A closed hotel is not always a worthless asset
A closed hotel near a railway station is never just an empty building. It can be an urban problem, a stranded real estate asset, a court-led liquidation, or an investment opportunity.
The difference is whether you can spot value before the market does.
That is what makes the Hotel Alexander case in Cesena particularly interesting. The property is located in Piazzale Karl Marx, close to the railway station and within easy reach of the city centre.
According to local press reports, the Court of Forlì has declared the judicial liquidation of the company that owns the hotel, which has been closed for some time and may now be sold as part of the liquidation process.
The case is local. The issue is national.
Across Italy, many hotels are closed, obsolete, underused or caught up in insolvency proceedings. Some have no viable future. Others can become strategic assets if they are properly analysed, adequately capitalised and repositioned with a clear industrial vision.

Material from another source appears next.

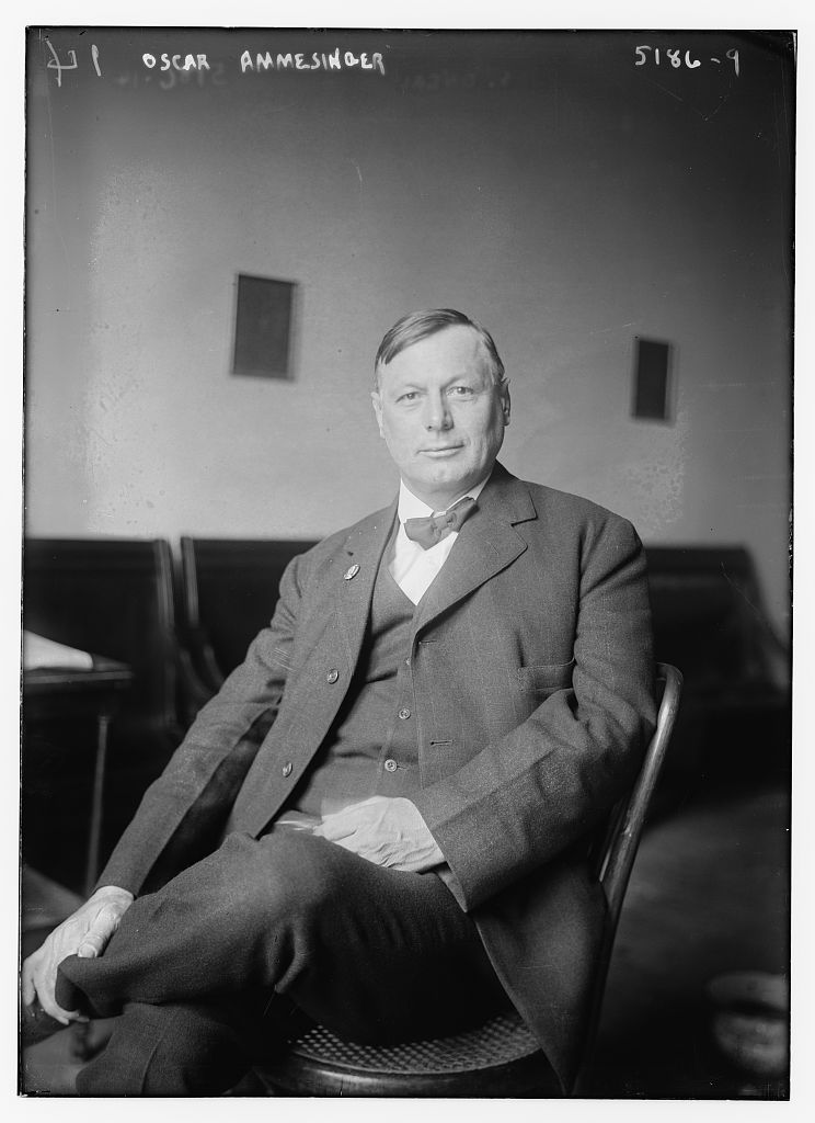 Photograph shows Oscar Ameringer (1870-1943) who was a delegate from Wisconsin to the 1920 convention of the Socialist Party of America, held in New York City May 8-14, 1920. Library of Congress Prints and Photographs Division

The right question is not “what does it cost?”, but “what could it be worth?”
In hotel real estate, especially when dealing with closed properties or distressed assets, the first mistake is to focus only on the purchase price.

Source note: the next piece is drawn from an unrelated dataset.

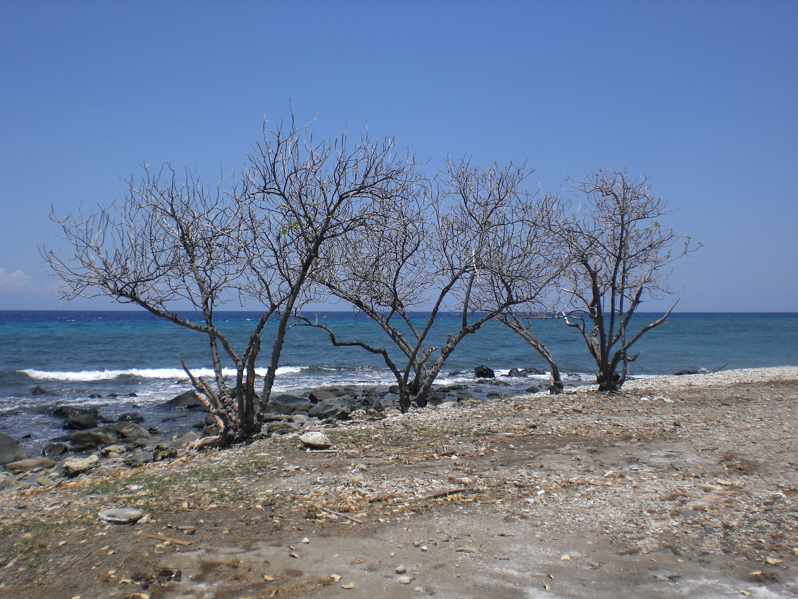 The four (wind) sacred trees in the Metinaro Subdistrikt/Timor-Leste

Price matters. But price is not value.
A hotel in liquidation may look attractive because the entry price appears lower than that of an operating asset. Yet the real cost of the transaction does not stop at the acquisition price or auction award.
It includes taxes, technical and legal fees, potential encumbrances, renovation works, plant and systems upgrades, energy-efficiency improvements, the period with no income, the capital required for the commercial relaunch and the financial costs linked to the timing of the transaction.
So the real question is not: “How much does Hotel Alexander cost?”
The real question is: “What kind of project could turn this closed hotel into an asset capable of generating income, capital value and market interest?”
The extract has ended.